Farbe bei Ostgathe ist nicht einfach die Färbung der Dinge, die Farbe als Oberflächeneigenschaft, als so genannte Gegenstandsfarbe – Farbe wird bei ihm von der Aufgabe befreit, den Gegenstand einfach zu beschreiben. In der Loslösung vom Gegenständlichen entfaltet er vielmehr deren Eigenwert, als Stimmungsgehalt, als Lichtreiz oder Farbklang.
In der poetischen Aufladung seiner Bilder wird unübersehbar deutlich, dass bei Ulrich Ostgathes Kunst sehendes Erkennen und sinnlich Poetisches in eins fallen, oder in eins fallen können.

Ulrich Marquardt, 2005

Zu Ostgathes Integration von Grafik und Fotografie

Industriemotive bilden seit nahezu zwei Jahrzehnten einen Schwerpunkt im Schaffen von Ulrich Ostgathe.

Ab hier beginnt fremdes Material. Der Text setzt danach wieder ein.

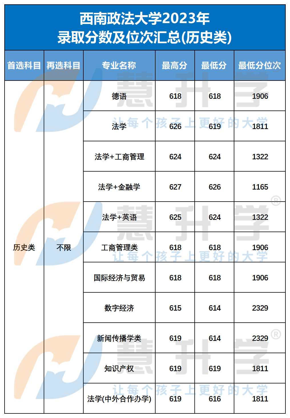从上图可以看出,选考历史,录取分最高的专业是法学+金融学,分数627分,位次排名1080。
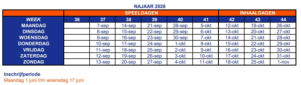 Tennis Najaarscompetitie 2026. 7 september t/m 1 november.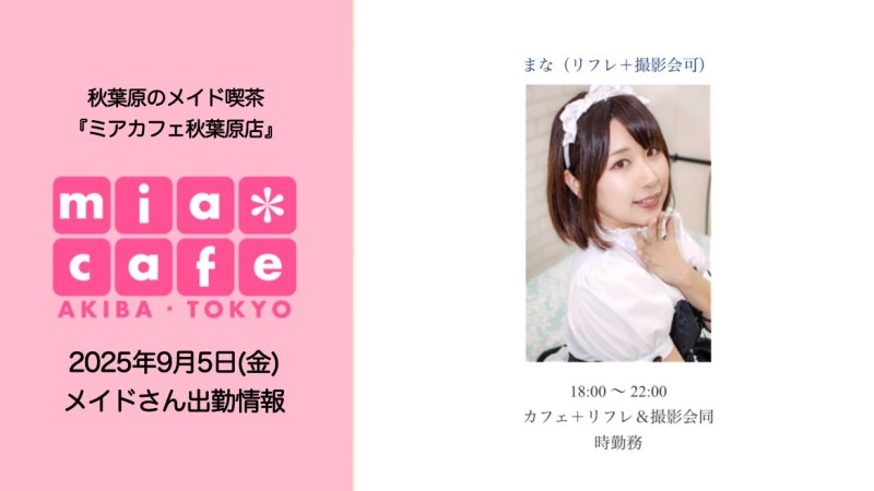 👑本日9月5日(金)のミアカフェ秋葉原店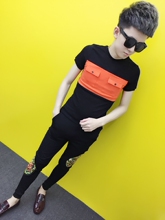 2017春新款快手网络红人同款男精神社会小伙修身口袋彩色拼接T恤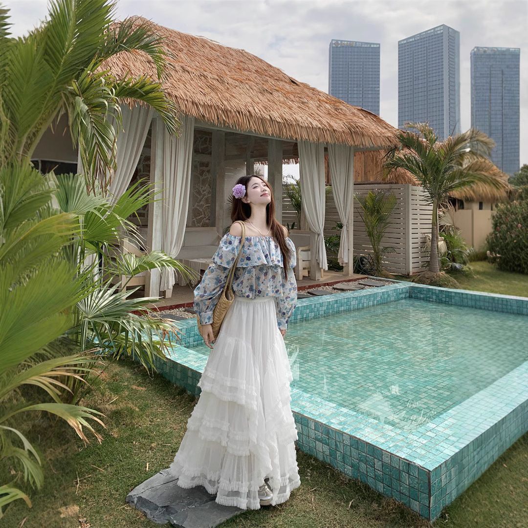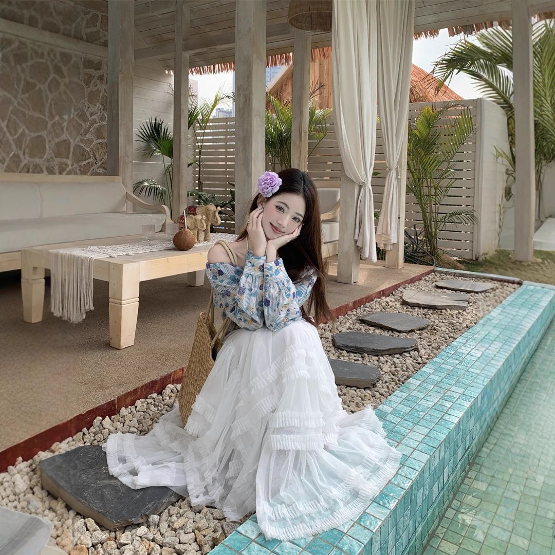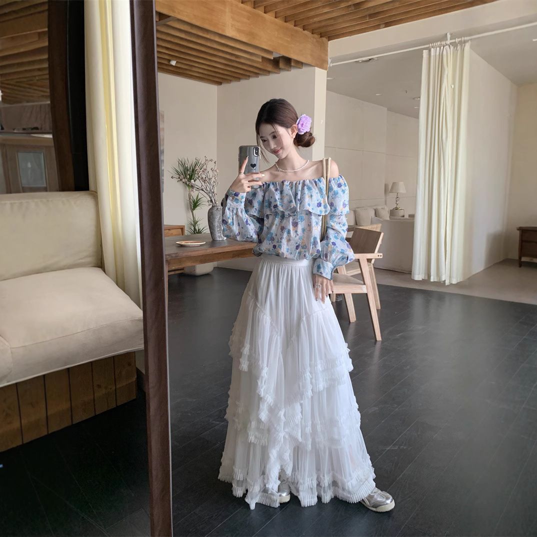 法式荷叶边一字肩碎花长袖衬衫女+重工百搭白色网纱长裙约会逛街**:温柔浪漫的蕾丝元素,让你在人群中脱颖而出,成为他眼中最美的风景! * **上班通勤**:简约大气的设计,又不失优雅气质,让你轻松应对职场各种场合! * **闺蜜聚会**:精致时尚的造型,让你成为聚会焦点,和闺蜜一起美美哒!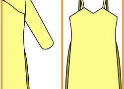 キャミソールのワンピースの製図です。 この3Dモデルの服の丈130cmすその幅(平らに置いて測った...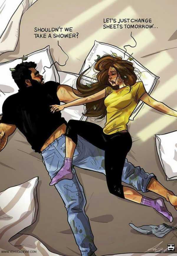 Помните серию иллюстраций об отношениях симпатичной пары из Израиля? Вот продолжение, все рисунки такие же искренние, веселые и совсем без прикрас. Ну просто новый способ показать любовь). Это работа Иегуды Ади Девира – художника, создающего очаровательные комиксы о своих ежедневных домашних приключениях со своей женой Майей.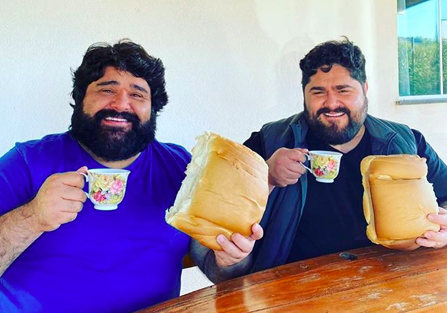 No instagram, ele compartilhou uma foto e na legenda escreveu ” A nutri disse que um pãozinho no café da tarde pode. Eu e meu irmão estamos seguindo a orientação.”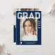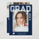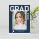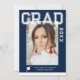 Foto Graduation Party Elegant Modern Script Invitations bietet Ihr Lieblings-Foto mit dem weißen Text "Grad (Jahr)" und Ihren Namen und personalisierte Abschluss Details auf der Vorderseite auf einem blauen Hintergrund. Auf der Rückseite fügen Sie ein zusätzliches Bild mit Ihren Abschluss Einladung Informationen unten. Personalisieren Sie den Text durch Bearbeiten in den bereitgestellten Textfeldern. Erstellt von ©Evco Studio www.zazzle.com/store/evcostudio
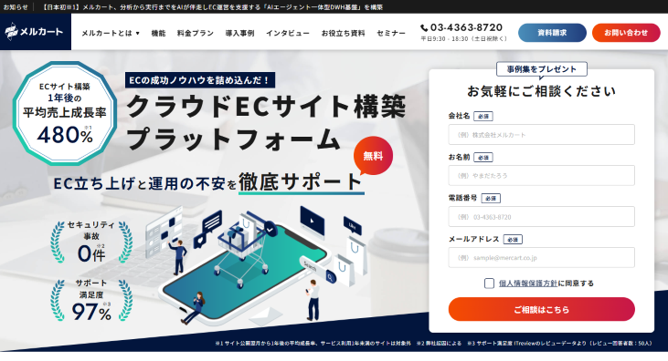 「メルカート」は中堅・大手企業で豊富な導入実績を誇る国産クラウドECプラットフォームであり、AIによる顧客行動の分析・予測に基づき売上施策を自動化する高度な支援機能が強みです。

Aufgewachsen in der einst zechenreichsten Stadt Europas, sind dem gebürtigen Bochumer Relikte der industriellen Vergangenheit von Kindesbeinen an vertraut, doch setzt seine künstlerische Auseinandersetzung mit dem Thema zu einem Zeitpunkt ein, als sich gravierende Wandlungen zwischen Mensch und Maschine, zwischen Kultur und technischer Produktionsweise abzeichnen. Anders noch als in der von Fortschrittsgläubigkeit durchwirkten traditionellen Darstellungsweise älterer Zeit rückt im Zuge der Postindustrialisierung die Kunst unserer Tage pointiert die Historizität der Industrie ins Blickfeld, aufgegebene Anlagen, übrig gebliebene Kolosse ehemaliger Produktionsstätten zeugen nicht nur von ferner Vergangenheit, sondern sie markieren auch das sukzessive Verschwinden aus den Alltagsbezügen mit den jeweiligen Begleiterscheinungen und Wechselwirkungen. Ostgathes Interesse gilt dabei weniger nostalgischem Dokumentieren noch der Kultivierung von Ruinenästhetik als vielmehr der Fixierung jenes schleichenden Rückzugsprozesses, dem er in kritischer Stellungnahme und mit eigener Darstellungsstrategie begegnet. Erfahren im Umgang mit Raumkonstellationen und der Verkürzung plastischer Körper - der Künstler war während seiner Studien an der Düsseldorfer Kunstakademie Schüler von Erwin Heerich - suchte er die Konfrontation extremer Blickwinkel und entwickelte ein malerisches Werk, das er seit mehr als zwanzig Jahren in Ausstellungen regelmäßig präsentiert. Konzentrierte sich sein Augenmerk in den zurückliegenden Jahren vor allem auf Maschinendetails und Konstruktionsverläufe, die er in wechselnden Fragestellungen analysierte - betonte Ausschnitthaftigkeit, übersteigerte Beleuchtung, kontrastierende Farbwirkung -, setzen die aktuellen Arbeiten seine kontinuierliche Beschäftigung mit dem Thema Industriebild um vielschichtige Bildbezüge fort.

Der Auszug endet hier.